- _Assignment_
From the entries below, transcribe exactly the lines between the line holding "One of several" and the line holding "Everyone at Harbor", inclusive; skip all other lines.

- _Entries supplied_
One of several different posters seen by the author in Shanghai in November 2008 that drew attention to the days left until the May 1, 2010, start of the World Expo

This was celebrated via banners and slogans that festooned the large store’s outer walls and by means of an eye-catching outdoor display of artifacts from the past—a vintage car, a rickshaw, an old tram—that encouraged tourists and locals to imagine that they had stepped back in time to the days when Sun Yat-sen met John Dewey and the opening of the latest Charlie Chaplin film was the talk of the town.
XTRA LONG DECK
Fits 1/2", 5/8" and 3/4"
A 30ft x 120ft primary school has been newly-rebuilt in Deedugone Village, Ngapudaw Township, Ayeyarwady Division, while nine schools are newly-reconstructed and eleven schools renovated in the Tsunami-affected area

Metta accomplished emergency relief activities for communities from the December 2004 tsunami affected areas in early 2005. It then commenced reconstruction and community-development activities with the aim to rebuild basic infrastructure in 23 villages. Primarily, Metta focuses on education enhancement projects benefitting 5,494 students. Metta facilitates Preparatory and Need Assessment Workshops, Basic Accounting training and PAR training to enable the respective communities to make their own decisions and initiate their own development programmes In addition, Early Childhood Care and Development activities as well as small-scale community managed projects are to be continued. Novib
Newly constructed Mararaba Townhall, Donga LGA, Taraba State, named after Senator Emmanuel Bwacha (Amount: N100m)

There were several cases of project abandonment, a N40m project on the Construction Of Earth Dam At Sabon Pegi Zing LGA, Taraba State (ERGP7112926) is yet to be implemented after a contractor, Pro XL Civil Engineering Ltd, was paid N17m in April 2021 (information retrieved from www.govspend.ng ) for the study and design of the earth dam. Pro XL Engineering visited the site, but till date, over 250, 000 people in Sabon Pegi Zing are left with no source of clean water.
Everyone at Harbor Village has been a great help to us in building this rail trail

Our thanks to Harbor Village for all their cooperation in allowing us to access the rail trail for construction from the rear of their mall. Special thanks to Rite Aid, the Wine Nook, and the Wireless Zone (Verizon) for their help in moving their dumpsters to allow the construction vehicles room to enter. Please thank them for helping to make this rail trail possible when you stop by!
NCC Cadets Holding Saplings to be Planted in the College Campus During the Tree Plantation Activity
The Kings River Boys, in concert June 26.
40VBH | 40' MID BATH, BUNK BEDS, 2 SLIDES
---
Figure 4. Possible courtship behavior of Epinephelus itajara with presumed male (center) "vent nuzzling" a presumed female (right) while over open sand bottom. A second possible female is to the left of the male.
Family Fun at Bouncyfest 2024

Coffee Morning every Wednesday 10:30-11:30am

- _Problem solution_
One of several different posters seen by the author in Shanghai in November 2008 that drew attention to the days left until the May 1, 2010, start of the World Expo

This was celebrated via banners and slogans that festooned the large store’s outer walls and by means of an eye-catching outdoor display of artifacts from the past—a vintage car, a rickshaw, an old tram—that encouraged tourists and locals to imagine that they had stepped back in time to the days when Sun Yat-sen met John Dewey and the opening of the latest Charlie Chaplin film was the talk of the town.
XTRA LONG DECK
Fits 1/2", 5/8" and 3/4"
A 30ft x 120ft primary school has been newly-rebuilt in Deedugone Village, Ngapudaw Township, Ayeyarwady Division, while nine schools are newly-reconstructed and eleven schools renovated in the Tsunami-affected area

Metta accomplished emergency relief activities for communities from the December 2004 tsunami affected areas in early 2005. It then commenced reconstruction and community-development activities with the aim to rebuild basic infrastructure in 23 villages. Primarily, Metta focuses on education enhancement projects benefitting 5,494 students. Metta facilitates Preparatory and Need Assessment Workshops, Basic Accounting training and PAR training to enable the respective communities to make their own decisions and initiate their own development programmes In addition, Early Childhood Care and Development activities as well as small-scale community managed projects are to be continued. Novib
Newly constructed Mararaba Townhall, Donga LGA, Taraba State, named after Senator Emmanuel Bwacha (Amount: N100m)

There were several cases of project abandonment, a N40m project on the Construction Of Earth Dam At Sabon Pegi Zing LGA, Taraba State (ERGP7112926) is yet to be implemented after a contractor, Pro XL Civil Engineering Ltd, was paid N17m in April 2021 (information retrieved from www.govspend.ng ) for the study and design of the earth dam. Pro XL Engineering visited the site, but till date, over 250, 000 people in Sabon Pegi Zing are left with no source of clean water.
Everyone at Harbor Village has been a great help to us in building this rail trail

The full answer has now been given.